# TASK GOAL:
The answer must consist solely of the lines from the one containing "4. Power: 1200, area: 2190, 391" through the last line of the records below, repeated exactly, with all pictures omitted.
* * * * * * *
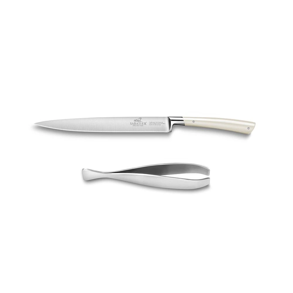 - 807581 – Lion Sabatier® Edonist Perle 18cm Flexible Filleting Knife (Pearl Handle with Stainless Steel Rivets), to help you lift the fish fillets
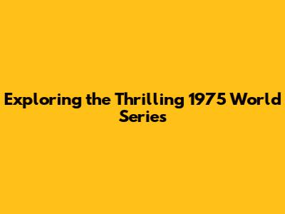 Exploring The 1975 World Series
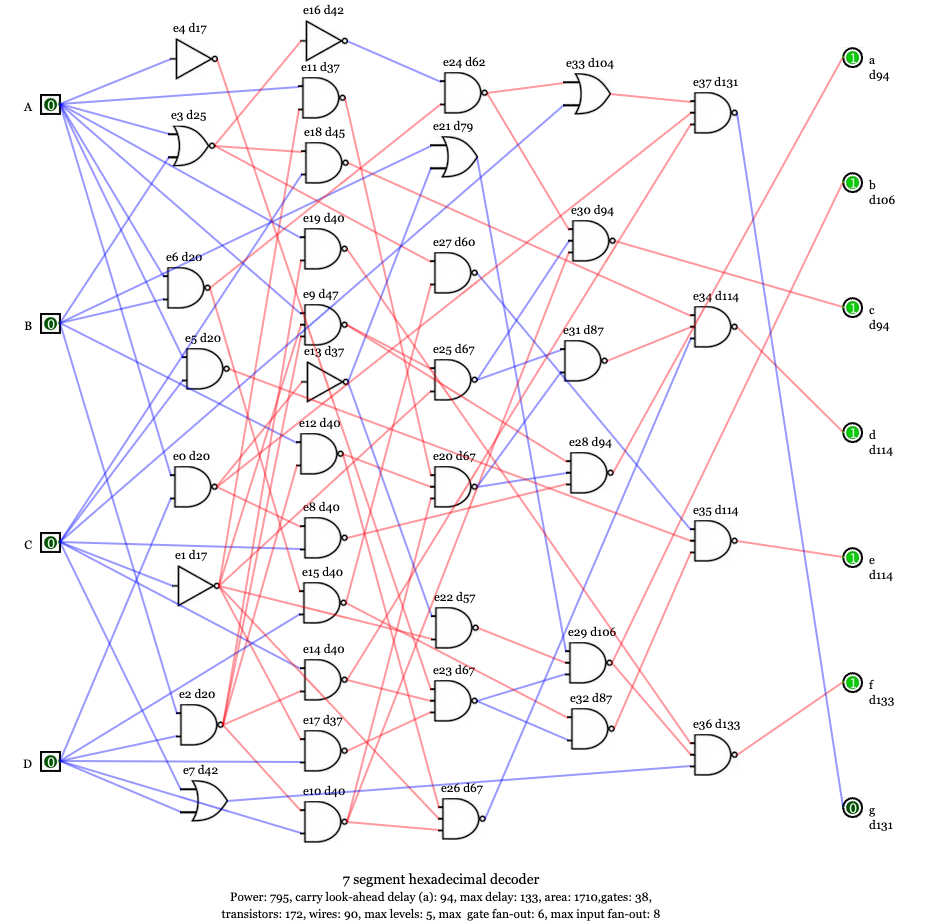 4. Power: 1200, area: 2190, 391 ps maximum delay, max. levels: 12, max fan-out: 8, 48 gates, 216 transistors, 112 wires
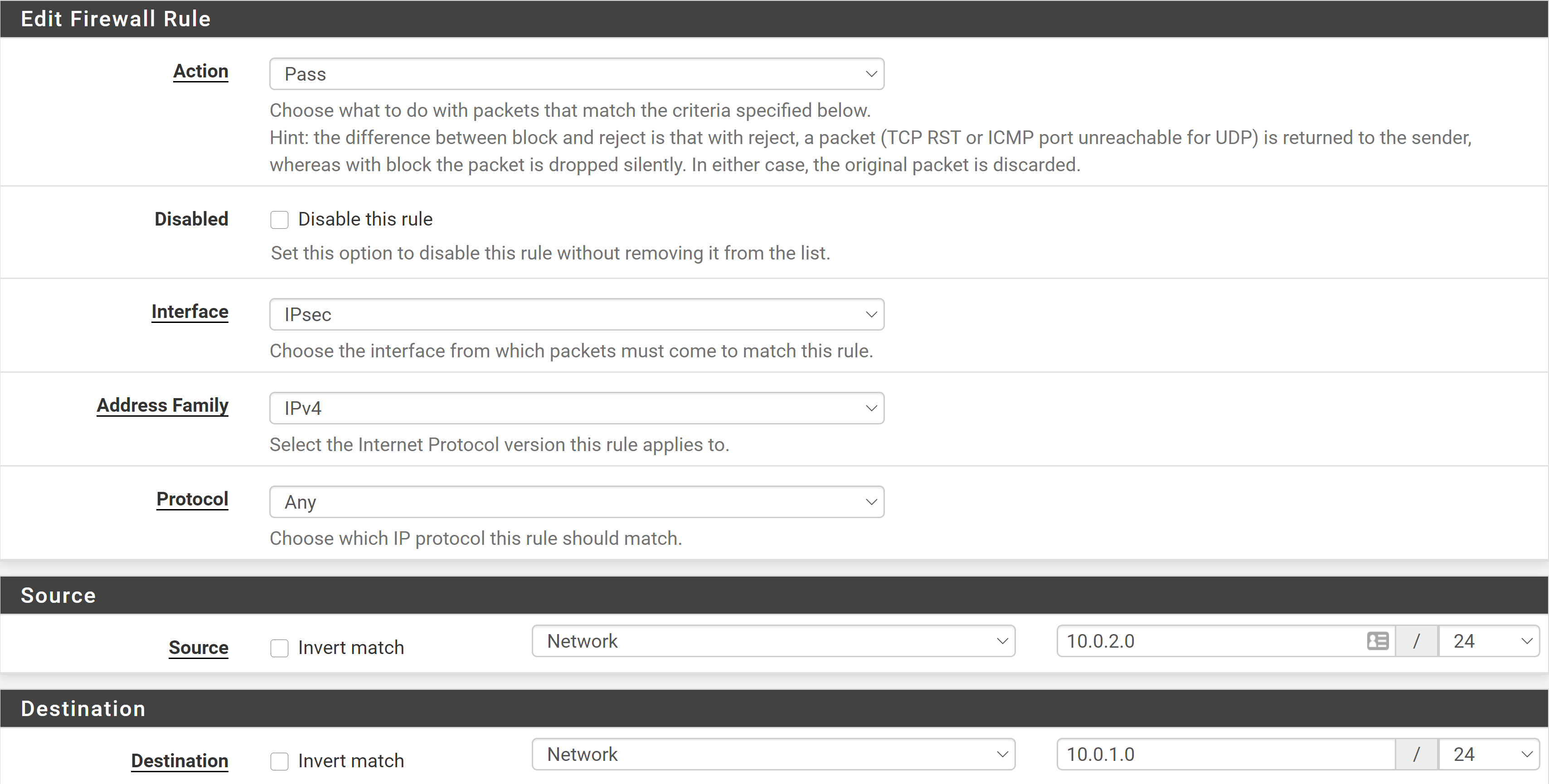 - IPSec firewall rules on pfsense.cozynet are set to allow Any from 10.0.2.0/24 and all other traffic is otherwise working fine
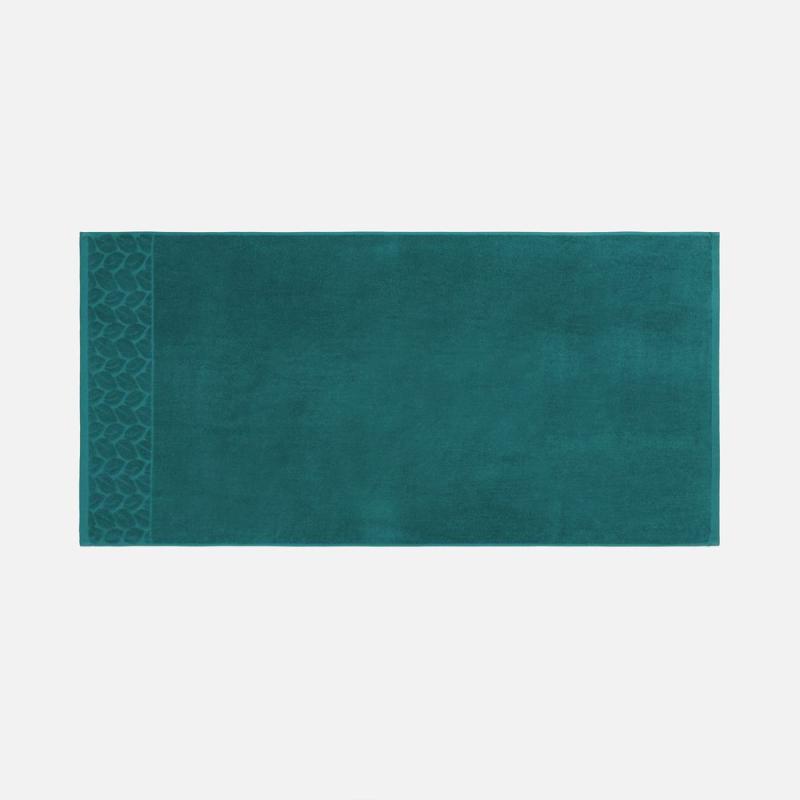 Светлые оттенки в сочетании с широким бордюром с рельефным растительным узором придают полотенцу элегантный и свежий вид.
* * * * * * *
# ANSWER AREA:
 4. Power: 1200, area: 2190, 391 ps maximum delay, max. levels: 12, max fan-out: 8, 48 gates, 216 transistors, 112 wires
 - IPSec firewall rules on pfsense.cozynet are set to allow Any from 10.0.2.0/24 and all other traffic is otherwise working fine
 Светлые оттенки в сочетании с широким бордюром с рельефным растительным узором придают полотенцу элегантный и свежий вид.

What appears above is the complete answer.